Monday, July 14, 2014

Last Leg Home

Monday, July 14, 2014

Today we took our time getting up, but not too much time. We packed up and hit the road a little after 10. Thank goodness there was cloud-cover that made the prep not too hot. We were making good time and listening to music. Some interesting things seen along the way:

An ATM building on the shoulder… Apparently, the trailer it was riding had a blowout.

A dunking booth being towed… At first, I thought it was a badly loaded trailer of playground equipment, but once it passed us, I could tell what it was.

A pickup truck going in the opposing lanes went off the road and flipped several times. Here is a link to the story. I called 911 to report it.

Pic of the truck, from the news website.

We also saw very little rain, before reaching Denton. Apparently, in some areas we drove through, later in the day they saw severe storms with micro-burst winds in excess of 65mph!

We got home about 2:30, and got the trailer backed in on the first try. We hooked up the electric and got the A/C running, so it would be cooler later for unloading items.

We are glad to be home, but also unhappy we had to leave the great weather and fun times we were having in Colorado.
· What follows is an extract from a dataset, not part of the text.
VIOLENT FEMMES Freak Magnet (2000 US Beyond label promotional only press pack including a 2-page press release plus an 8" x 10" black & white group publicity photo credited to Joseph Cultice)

I wish it could have been longer.

We now turn our sights onto our next adventure as we get ready to take Mammoth to Solid Rock RV Park at Lake Leon. She will be “home base” for us for a while, as Tony takes his new position in Cisco.
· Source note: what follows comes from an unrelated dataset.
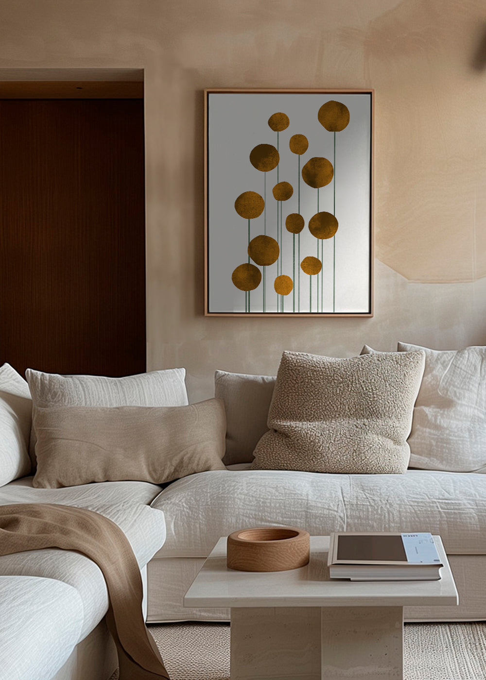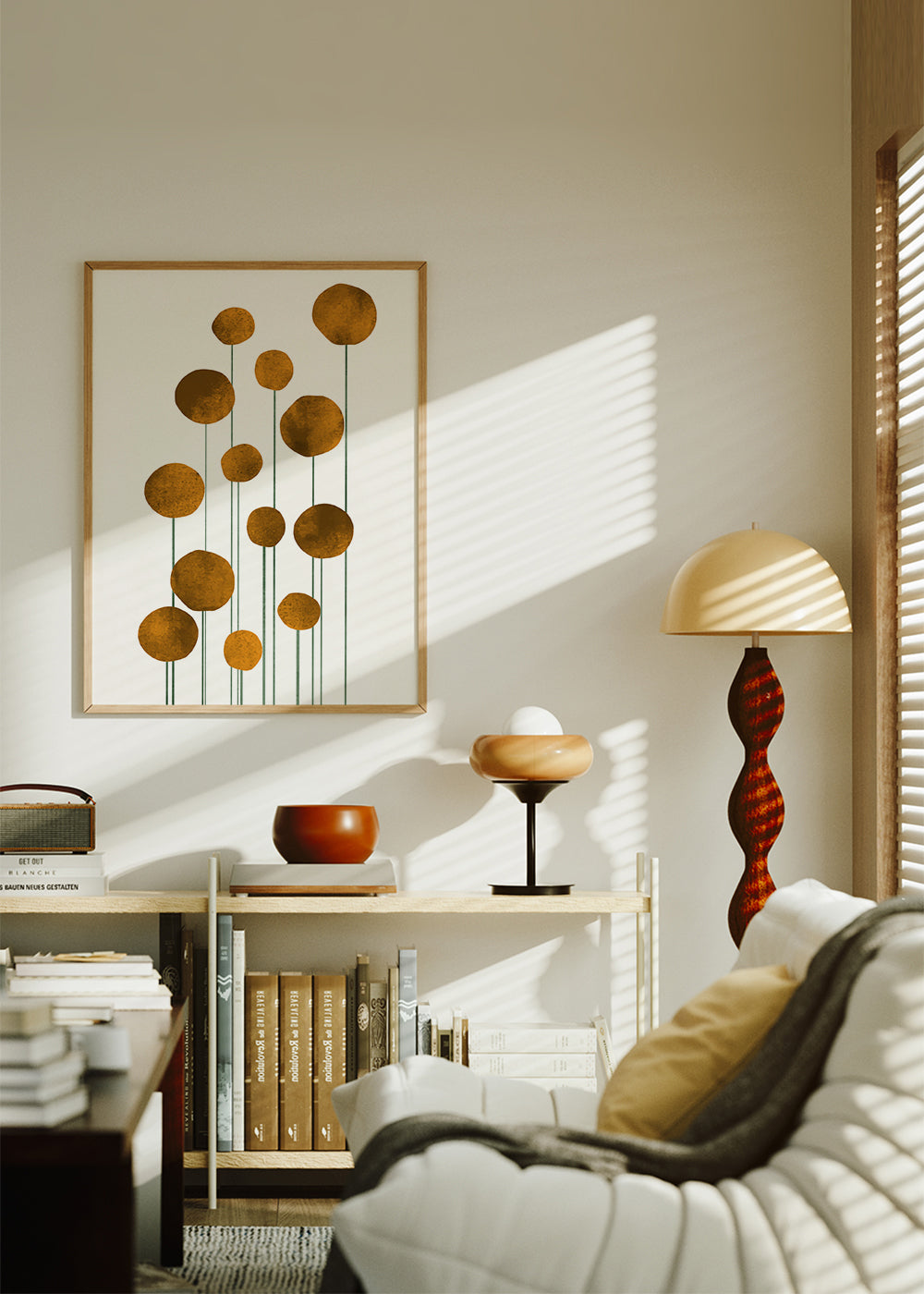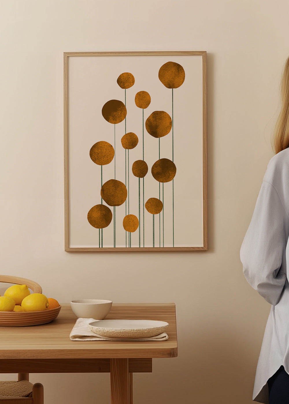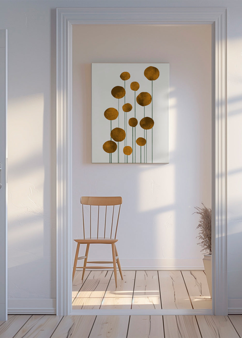 Jolie pièce de notre répertoire tableaux de fleurs et botanique, faite par Kubistika, dans des tons dorés, et pour mettre en position portrait. Les tableaux avec illustrations donnent une touche originale à la décoration de la maison. La combinaison parfaite de l'originalité et du design.

From Volcanos to Volcanic Heat

Sunday, July 13, 2014

Today,we got up early and got going. We were trying to coordinate eating lunch with relatives in Amarillo, but because of the time change, we knew we needed to get started quickly. We pulled out of the park about 7:45am (mountain time).

Eileen (on the sign) at Capulin RV Park, Capulin, NM

Eileen with Capulin Volcano in the background, visible from the RV Park.

We made good time and ended up going to my relative’s house for lunch, right at 12 noon (central time). It was about 90 degrees, but partly cloudy. We had a nice visit, and the kittles got to explore their house for a bit.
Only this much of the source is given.